Ohio is no different than any other state in regards to the rising percentage of students (in this case LPN students) who are taking courses over the Internet. The Sloan Consortium, a collective of individuals, institutions, and organizations dedicated to the purpose of integrating online education into the mainstream of higher education, estimates that more than six million U.S. students now take at least one class online; and that’s a whopping 31 percent of all college students in the U.S.!

Whether taken in classrooms or over the Internet, there are many schools that offer LPN to BSN programs in Ohio. BSN stands for Bachelor of Science in Nursing. Common online schools that LPN students are attracted to in Ohio include the University of Phoenix, Indiana State University, Western Governors University, and the University of St. Mary Online.

Among the many physical schools in Ohio that welcome LPN students are Fortis College, in Centerville; the Lincoln College of Technology, in Dayton; Brown Mackie College, in Cincinnati; and Hondros College, which offers LPN classes in Columbus Ohio.

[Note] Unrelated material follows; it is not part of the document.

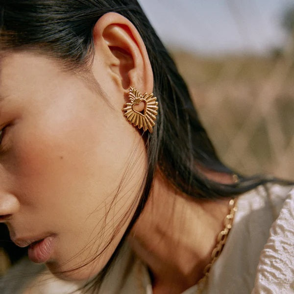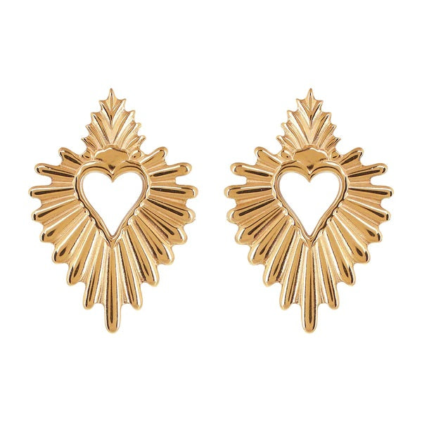 Sacred and traditional, yet still reflective of sleek, contemporary styling, these Sunburst Sacred Heart Earrings are a statement in faith, grace and beauty. Reminiscent of amulets from the 1800’s, they reflect both reverence and style. Gold plated with a matte finish, they are as striking as they are lovely. The generously sized earrings speak to feminine grace as much as they do to her faith. A distinctive addition to her jewelry collection, they will become a special favorite and reflect her faith. Packaged in a velvet gift box.

LPN Students Receive Clinical Experience

There seems to be a bit of a tradeoff between students who take classes on campus and those who take classes on their computers at home. An advantage for those who attend classes on-campus is that this situation seems easier to coordinate the clinical aspect of a student’s education.

Many times this clinical experience, taught under the wing of a Registered Nurse or a doctor, is performed in hospitals close to campus. This might not be the case with online students, many of whom choose to study online because they live in remote areas.

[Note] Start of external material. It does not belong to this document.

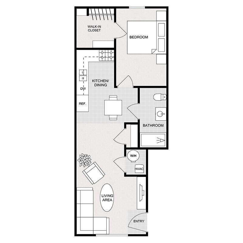 1 Bed, 1 Bath, 628 sq ftModel Gallery

The advantage to online students, of course, is that they can choose to study at flexible hours and, in many cases continue to work at a job while studying to advance their careers.

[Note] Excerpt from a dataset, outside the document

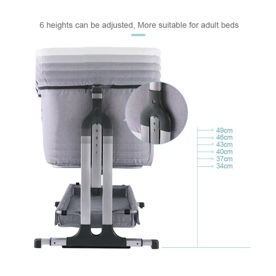 Acest pătuț reglabil în 4 poziții oferă bebelușului un somn confortabil și sigur, fiind perfect pentru părinți care doresc să-și țină micuțul aproape. Sistemul de atașare permite amplasarea pătuțului lângă patul părinților, garantând acces rapid și ușor la bebeluș.

Are There Advantages to Taking LPN Programs in Ohio?

It would be easy to answer this question as “NO!”. However, that might not be the case in all situations. Although there seems to be little difference in relative classes taken from one state to the next, there are other factors involved.

Not counting those who take their LPN classes online, where you live relative to where he chooses to attend school can be a contributing factor to any such decision. One of many scenarios one could imagine might present itself if the prospective student lived just across the Ohio border in Kentucky and LPN programs in Cincinnati Ohio were the most cost-effective classes available. Among 10 schools of higher education in Cincinnati that offer LPN degrees include Bethesda School of Nursing, Good Samaritan College of Nursing & Science, the Christ Hospital School of Nursing, and the University of Cincinnati’s College of Nursing.

If one is interested in seeking out LPN to RN programs in Ohio, there are 33 registered schools to choose from. A brief sampling of those schools might include Aultman College of Nursing & Health Science, in Canton; Central Ohio Technical College, in Newark; Edison Community College, in Piqua; and Kent State University, in Kent.

Whether one goes to college and attends one of the LPN programs in Ohio or in any other state, spending one year to gain an LPN degree might prove to be priceless in years to come. This is especially true if economic problems in this country persist and the demand for health care professionals continues to rise.

LVN Salary Vs LPN Salary

The term LVN and LPN are often used interchangeably. LVN refers to a Licensed Vocational Nurse. In Texas and California, Licensed Practical Nurses are called LVNs. So, whenever you read or hear about the pay of an LVN, it’s the same as an LPN.

If you look at the payscale for LPNs, you may see it called LVN salary. As an example, the Bureau of Labor Statistics, the average LVN salary is $44,090 per year. You’ll notice that the BLS uses both term of LVN and LPN!